Binet, just in his 20s, was already a wunderkind choreographer when he was at Canada’s National Ballet School. He is currently the choreographic apprentice at London’s Royal Ballet. Navas is a wildly popular Montreal dancesmith with a worldwide reputation. Innovation will mark Kudelka’s first new work for the company since 2005.

The new season is a big year for the works of Kudelka. Both his controversial Swan Lake (Nov. 9-17 and Mar. 8-16) and his brilliant Cinderella (June 4-15) are getting remounts. John Cranko’s much-loved Onegin (Mar. 19-23) rounds off the lucrative full-length ballet roster.

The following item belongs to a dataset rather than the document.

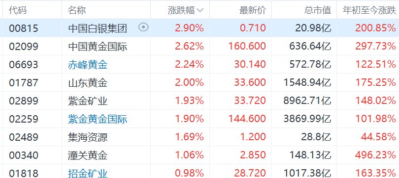 核心观点 - 美联储降息及购买国债计划刺激金银价格走强,进而推动港股黄金板块集体上涨 [1] 市场表现 - 12月12日,港股黄金股集体上涨,中国白银集团、中国黄金国际、赤峰黄金、山东黄金涨幅均超过2%,紫金矿业、紫金黄金国际涨幅接近2% [1] - 中国白银集团股价上涨2.90%,报0.710港元,总市值20.98亿港元,年初至今累计上涨200.85% [2] - 中国黄金国际股价上涨2.62%,报160.600港元,总市值636.64亿港元,年初至今累计上涨297.73% [2] - 赤峰黄金股价上涨2.24%,报30.140港元,总市值572.78亿港元,年初至今累计上涨122.51% [2] - 山东黄金股价上涨2.00%,报33.600港元,总市值1548.94亿港元,年初至今累计上涨175.25% [2] - 紫金黄金国际股价上涨1.90%,报144.600港元,总市值3869.99亿港元,年初至今累计上涨101.98% [2] 价格驱动因素 - 美联储宣布降息25个基点,并表示将在未来30天内购买400亿美元国库券 [1] - 美联储将于周五根据新计划购买82亿美元的国库券 [1] - 现货黄金价格涨至4285美元/盎司,现货白银价格突破64美元/盎司,续刷历史新高 [1]

Other remounts include Canadian-born, New York-based Aszure Barton’s 2009 intriguing Watch Her, paired with Sir Frederick Ashton’s 1976 masterpiece A Month in the Country, based on Turgenev’s classic story. The company has not performed the ballet since Kain herself starred in the lead role in 1995 (Feb. 26-Mar. 7).

The third mixed program (May 28-June 1) includes the Canadian premiere of Marco Goecke’s radical rethink of the 1911 Ballets Russes Fokine classic Le Spectre de la Rose. Goecke is Stuttgart Ballet’s resident choreographer. Also on the playbill are Jerome Robbins’ lyrical Opus 19/The Dreamer and William Forsythe’s punk-influenced the second detail.

The cash cow Nutcracker is on board for festive cheer (Dec. 14-Jan. 4), while the always popular gala completes the season (June 12). Touring includes the prestigious Saratoga Springs Performing Arts Centre (with the National being the only ballet company other than New York City Ballet to perform there), and Ottawa’s National Arts Centre.